We like that insiders have been buying shares in the last twelve months. Even so, future earnings will be far more important to whether current shareholders make money. Before buying or selling a stock, we always recommend a close examination of historic growth trends, available here..

What About Dividends?

When looking at investment returns, it is important to consider the difference between total shareholder return (TSR) and share price return. The TSR incorporates the value of any spin-offs or discounted capital raisings, along with any dividends, based on the assumption that the dividends are reinvested. So for companies that pay a generous dividend, the TSR is often a lot higher than the share price return. As it happens, Paragon Banking Group's TSR for the last 3 years was 24%, which exceeds the share price return mentioned earlier. And there's no prize for guessing that the dividend payments largely explain the divergence!

A Different Perspective

It's good to see that Paragon Banking Group has rewarded shareholders with a total shareholder return of 2.6% in the last twelve months. And that does include the dividend. However, the TSR over five years, coming in at 5% per year, is even more impressive. The pessimistic view would be that be that the stock has its best days behind it, but on the other hand the price might simply be moderating while the business itself continues to execute. While it is well worth considering the different impacts that market conditions can have on the share price, there are other factors that are even more important.
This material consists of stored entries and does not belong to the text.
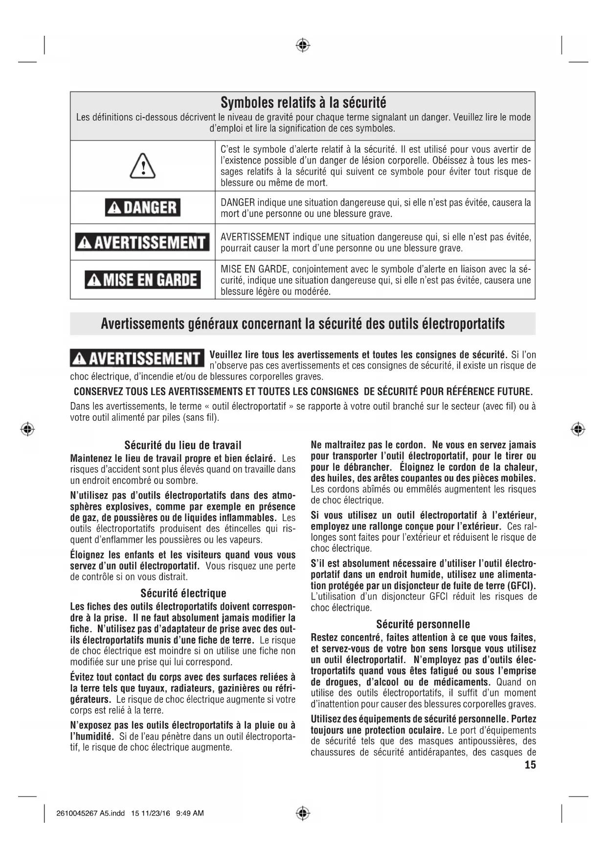 PARTS INSIDE. Preventive maintenance performed by un au thorized per- sonnel may result in misplacing of internal wires and components which could cause se- rious hazard. We recom mend that all tool ser- vice be performed by a Bosch Factory Service Center or Authorized Bosch Service Station. SERVICE MEN: Disconnect tool and/or charger from power source before servicing. Batteries Be alert for battery packs that are nearing their end of life. If you notice decreased tool performance or significantly shorter running time between charges then it is time to replace the battery pack. Failure to do so can cause the tool to operate improperly or damage the charger. Tool Lubrication Your Bosch tool has been properly lubricated and is ready for use. Motors The motor in your tool has been engineered for many hours of dependable service. To maintain peak efficiency of the motor, we recommend it be examined every six months. Only a genuine Bosch replacement motor specially designed for your tool should be used. Cleaning To avoid accidents, always disconnect the tool and/or charger from the power supply before clean- ing. The tool may be cleaned most effectively with com pressed dry air. Always wear safety goggles when cleaning tools with com- pressed air. Ventilation openings and switch levers must be kept clean and free of foreign matter. Do not attempt to clean by inserting pointed objects through opening. Certain cleaning agents and solvents damage plastic parts. Some of these are: gasoline, car bon tetra- chloride, chlorinated cleaning solvents, ammonia and household detergents that contain ammonia. 2610045267 A5.indd 14 11/23/16 9:49 AM15 Veuillez lire tous les avertissements et toutes les consignes de sécurité. Si l’on n’observe pas ces avertissements et ces consignes de sécurité, il existe un risque de choc électrique, d’incendie et/ou de blessures corporelles graves. CONSERVEZ TOUS LES AVERTISSEMENTS ET TOUTES LES CONSIGNES DE SÉCURITÉ POUR RÉFÉRENCE FUTURE. Dans les avertissements, le terme « outil électroportatif » se rapporte à votre outil branché sur le secteur (avec fil) ou à votre outil alimenté par piles (sans fil). Sécurité du lieu de travail Maintenez le lieu de travail propre et bien éclairé. Les risques d’accident sont plus élevés quand on travaille dans un endroit encombré ou sombre. N’utilisez pas d’outils électroportatifs dans des atmo- sphères explosives, comme par exemple en présence de gaz, de poussières ou de liquides inammables. Les outils électroportatifs produisent des étincelles qui ris- quent d’enflammer les poussières ou les vapeurs. Éloignez les enfants et les visiteurs quand vous vous servez d’un outil électroportatif. Vous risquez une perte de contrôle si on vous distrait. Sécurité électrique Les ches des outils électroportatifs doivent correspon- dre à la prise. Il ne faut absolument jamais modier la che. N’utilisez pas d’adaptateur de prise avec des out- ils électroportatifs munis d’une che de terre. Le risque de choc électrique est moindre si on utilise une fiche non modifiée sur une prise qui lui correspond. Évitez tout contact du corps avec des surfaces reliées à la terre tels que tuyaux, radiateurs, gazinières ou réfri- gérateurs. Le risque de choc électrique augmente si votre corps est relié à la terre. N’exposez pas les outils électroportatifs à la pluie ou à l’humidité. Si de l’eau pénètre dans un outil électroporta- tif, le risque de choc électrique augmente. Ne maltraitez pas le cordon. Ne vous en servez jamais pour transporter l’outil électroportatif, pour le tirer ou pour le débrancher. Éloignez le cordon de la chaleur, des huiles, des arêtes coupantes ou des pièces mobiles. Les cordons abîmés ou emmêlés augmentent les risques de choc électrique. Si vous utilisez un outil électroportatif à l’extérieur, employez une rallonge conçue pour l’extérieur. Ces ral- longes sont faites pour l’extérieur et réduisent le risque de choc électrique. S’il est absolument nécessaire d’utiliser l’outil électro- portatif dans un endroit humide, utilisez une alimenta- tion protégée par un disjoncteur de fuite de terre (GFCI). L’utilisation d’un disjoncteur GFCI réduit les risques de choc électrique. Sécurité personnelle Restez concentré, faites attention à ce que vous faites, et servez-vous de votre bon sens lorsque vous utilisez un outil électroportatif. N’employez pas d’outils élec- troportatifs quand vous êtes fatigué ou sous l’emprise de drogues, d’alcool ou de médicaments. Quand on utilise des outils électroportatifs, il suffit d’un moment d’inattention pour causer des blessures corporelles graves. Utilisez des équipements de sécurité personnelle. Portez toujours une protection oculaire. Le port d’équipements de sécurité tels que des masques antipoussières, des chaussures de sécurité antidérapantes, des casques de Avertissements généraux concernant la sécurité des outils électroportatifs Symboles relatifs à la sécurité Les définitions ci-dessous décrivent le niveau de gravité pour chaque terme signalant un danger. Veuillez lire le mode d’emploi et lire la signification de ces symboles.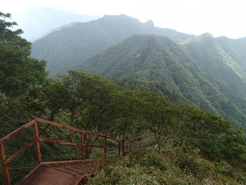 ・晴天下の山上ヶ岳に戻り、再度稲村ヶ岳へ向かう。鉄の階段を下って行くと、またもや雲行きが怪しくなり、レンゲ辻ではガスの中・・・。山の天気は本当に変わりやすい。9月なのに結構冷える。
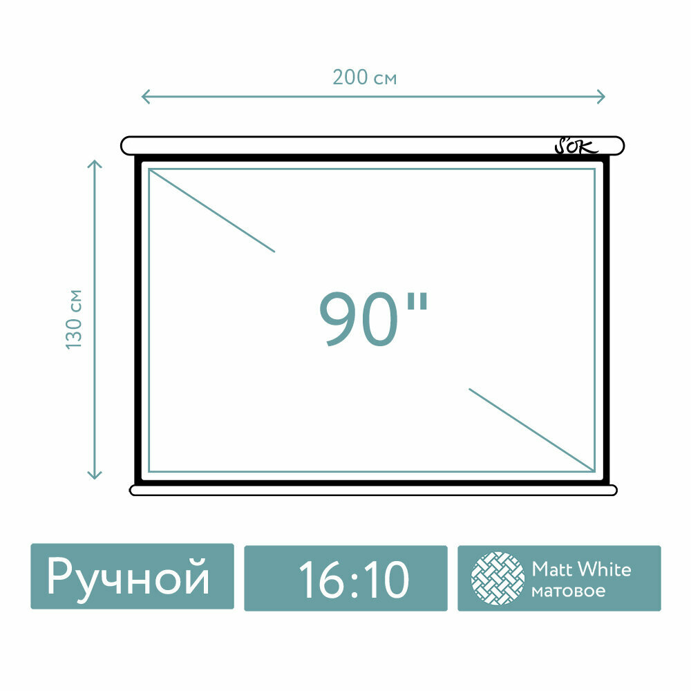 Экран для проектора SOK SCPSW-200x130 90 16:10 настенно-потолочный, ручной, матовый, белый информация: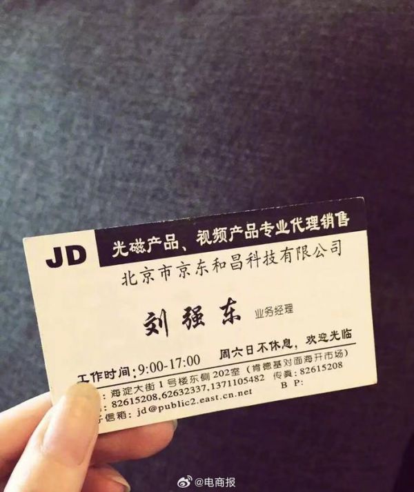 创业不易,刘强东当年的名片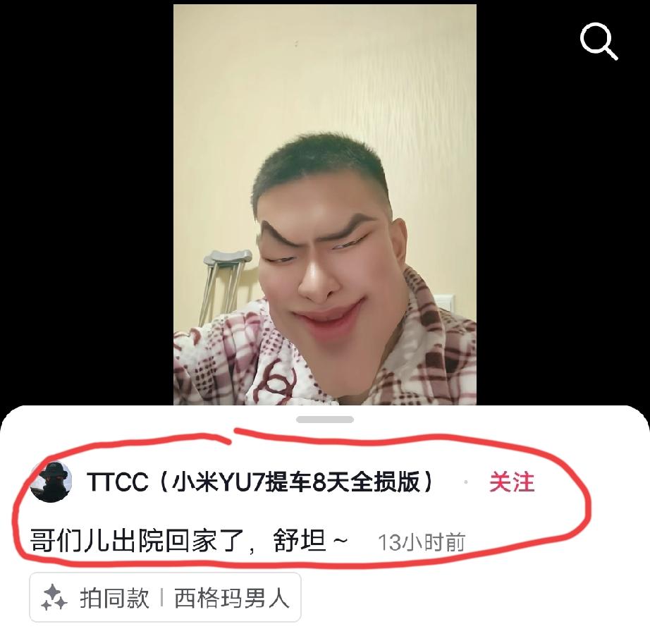 某米预期提车8天全损版车主“TTCC”出院回家了,现在可以确定,他的这个账号没有被封禁,此前网上传的都是子虚乌有! 看这位小兄弟现在的状态还是非常不错的,虽然现在身体有所残疾了,还是挺乐观的。只是有点可惜的是,这么年轻英俊的小伙,未来都要靠拐杖或者假肢出行了! 他的这个事情也警示我们,开车出行还是应该以安全为第一要素,不要图快!!!
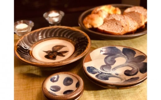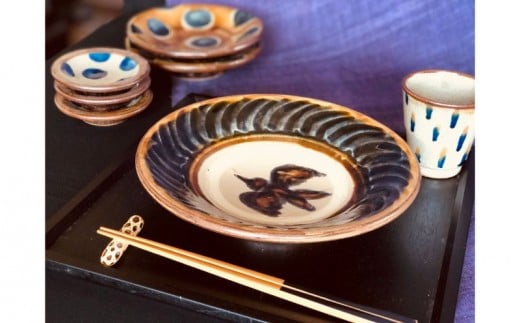 - 限定数量・予約【陶器工房 虫の音】 指描き鳥呉須7寸皿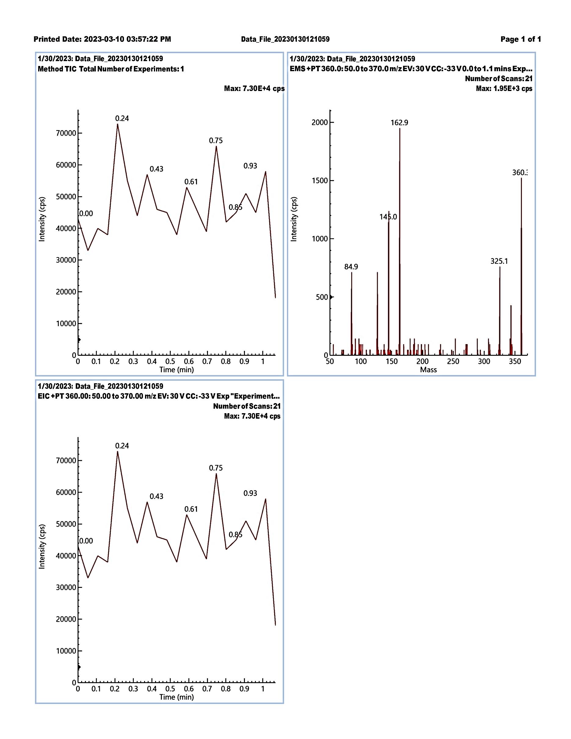 For the optimization of the ESI setting for papain standard, Quadrupole full scans were done in a positive ion detection mode. Throughout direct infusion experimentation, the mass spectra for papain revealed peaks at m/z 145.3, 163 and 325 as protonated molecular ions generated by direct photoionization. The MRM transitions m/z 360→145.3, 360→163, 522→325, 522→163.1 were employed for the measurement of Papain after extensive optimization of mass spectrometry settings. The mass spectra fragmentation pattern of precursor and product ion of the Papain enzyme is shown in fig. 1.

Take risks, for example - Paragon Banking Group has 1 warning sign we think you should be aware of.

Paragon Banking Group is not the only stock insiders are buying. So take a peek at this free list of growing companies with insider buying.

Please note, the market returns quoted in this article reflect the market weighted average returns of stocks that currently trade on GB exchanges.

Have feedback on this article? Concerned about the content? Get in touch with us directly. Alternatively, email editorial-team (at) simplywallst.com.

This article by Simply Wall St is general in nature. We provide commentary based on historical data and analyst forecasts only using an unbiased methodology and our articles are not intended to be financial advice. It does not constitute a recommendation to buy or sell any stock, and does not take account of your objectives, or your financial situation. We aim to bring you long-term focused analysis driven by fundamental data. Note that our analysis may not factor in the latest price-sensitive company announcements or qualitative material. Simply Wall St has no position in any stocks mentioned.